# [EXERCISE]
Your output should consist of the lines from the first line of the records below through the one with "This paper reinterprets", exactly, minus the pictures.
═════ RECORD SET
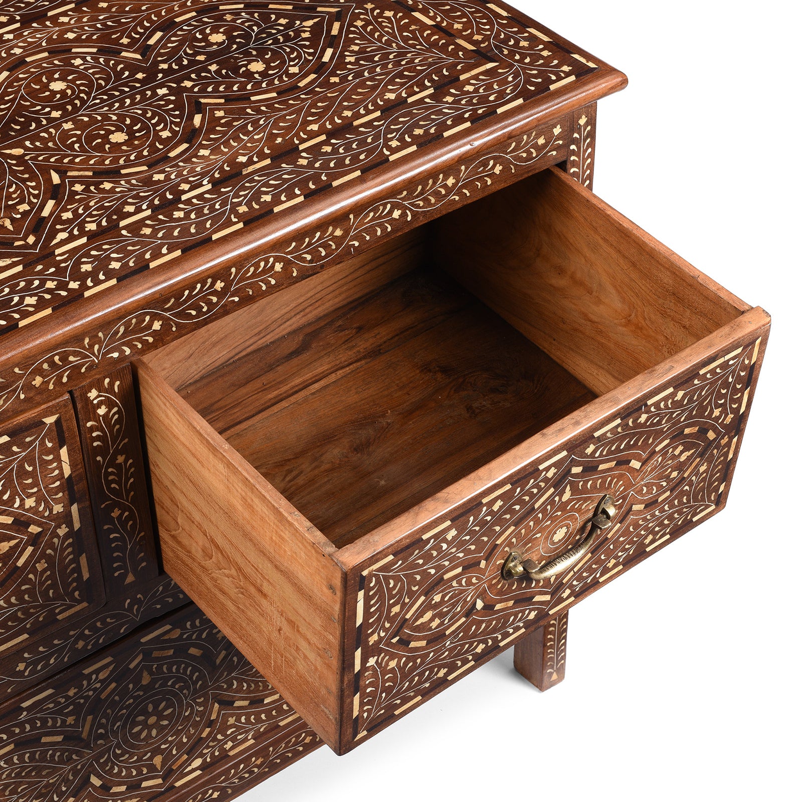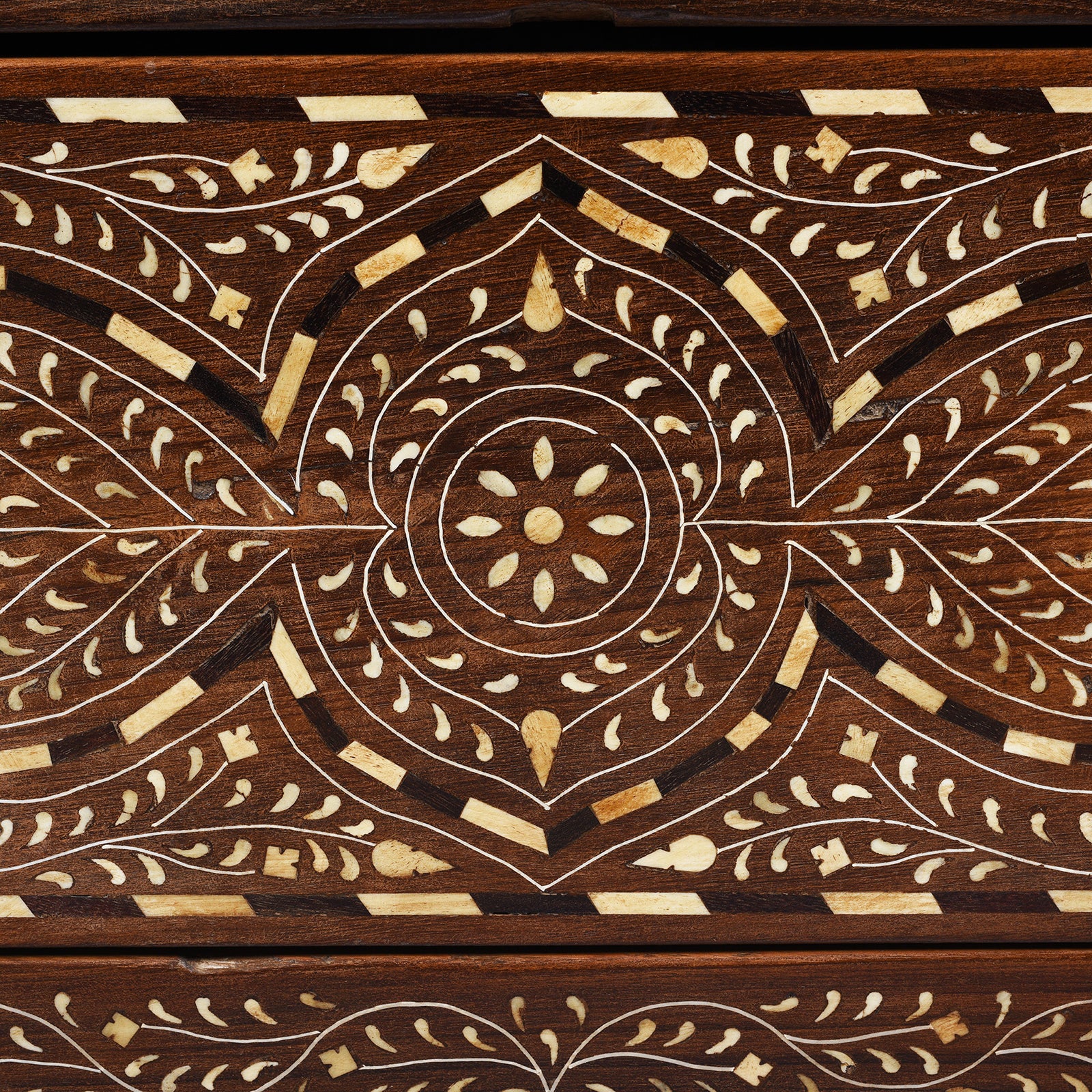 Drawer Detail From Vintage Indian Chest Of Drawers - With Later Bone Inlay Work Ca 1920 | Indigo Antiques
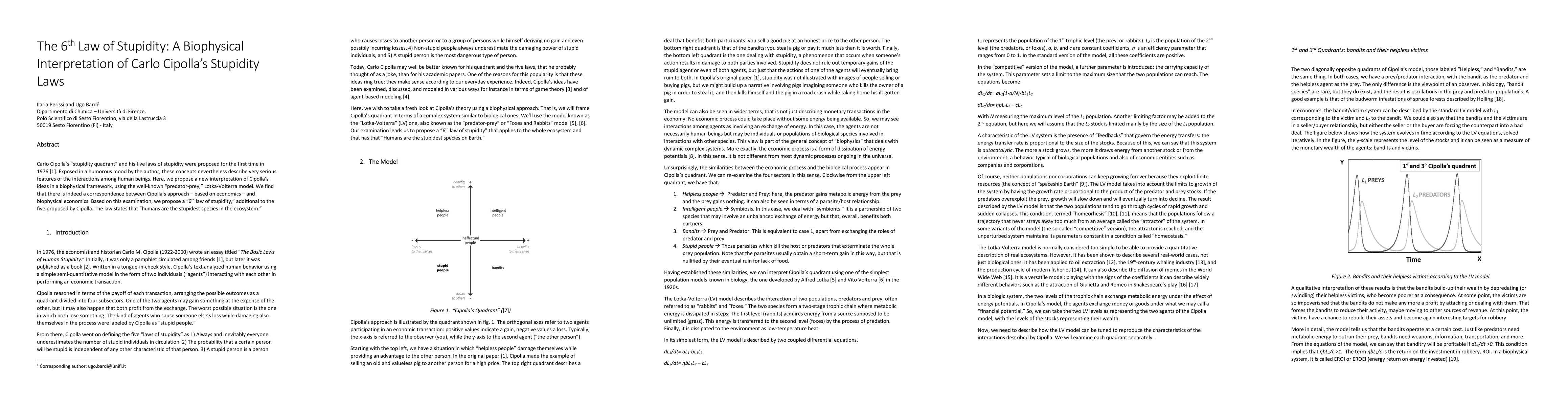 This paper reinterprets Carlo Cipolla's five laws of stupidity within a biophysical framework, using the Lotka-Volterra model, and proposes a sixth law asserting that humans are the most "stupid" species in the ecosystem. The study underscores the serious implications of human behavior through a humorous yet insightful analysis.
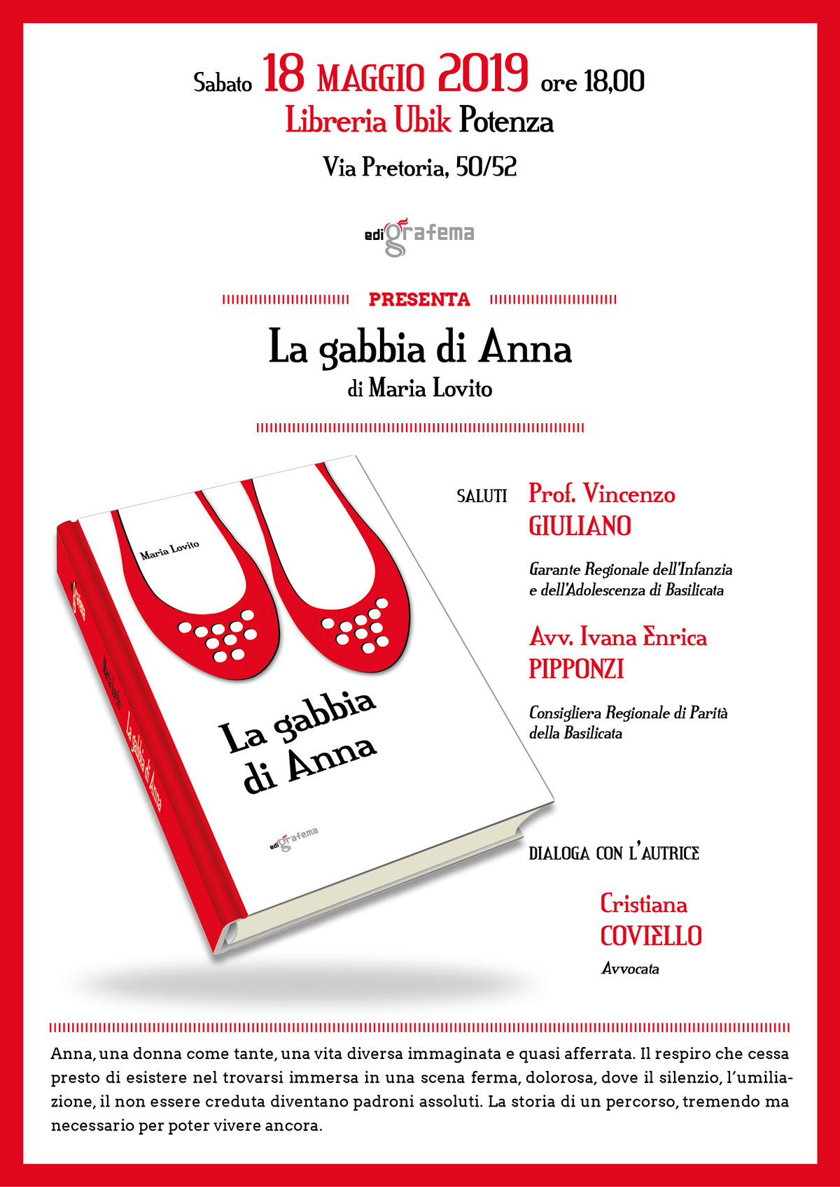 Con l’autrice dialogherà l’avvocata Cristiana Coviello; saluti dal Prof. Vincenzo Giuliano, Garante Regionale dell’Infanzia e Ivana Pipponzi, Consigliera Regionale di Parità della Basilicata.
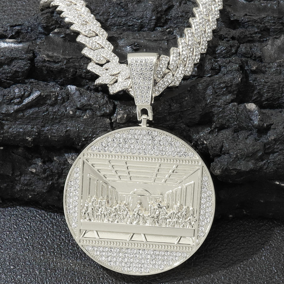 Cross-Border for SHEIN 3D Round Pendant Rhombus Cuban Chain Necklace Hot-Selling Hip-Hop Style with Pearl for Children
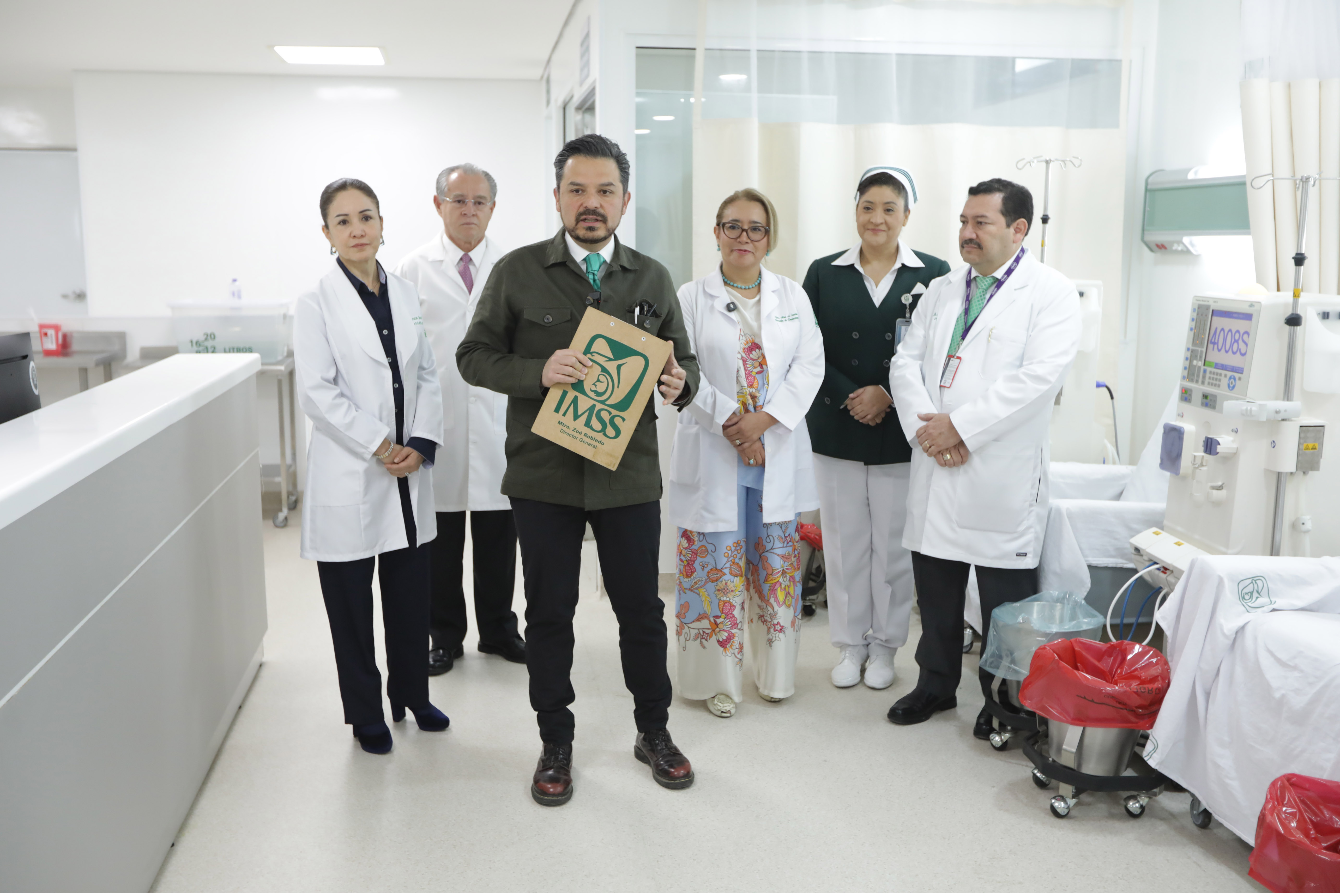 Acompañado por la representante del IMSS en ciudad de México Norte, Patricia Soto Márquez, recordó que el inmueble fue habilitado en septiembre de 2021, junto con la entonces jefa de Gobierno, Claudia Sheinbaum Pardo, para atender la emergencia por COVID-19. Tras diversos procesos de adecuación, el espacio fue reconvertido en un área de hemodiálisis.
══════════
# [RESULT]
 Drawer Detail From Vintage Indian Chest Of Drawers - With Later Bone Inlay Work Ca 1920 | Indigo Antiques
 This paper reinterprets Carlo Cipolla's five laws of stupidity within a biophysical framework, using the Lotka-Volterra model, and proposes a sixth law asserting that humans are the most "stupid" species in the ecosystem. The study underscores the serious implications of human behavior through a humorous yet insightful analysis.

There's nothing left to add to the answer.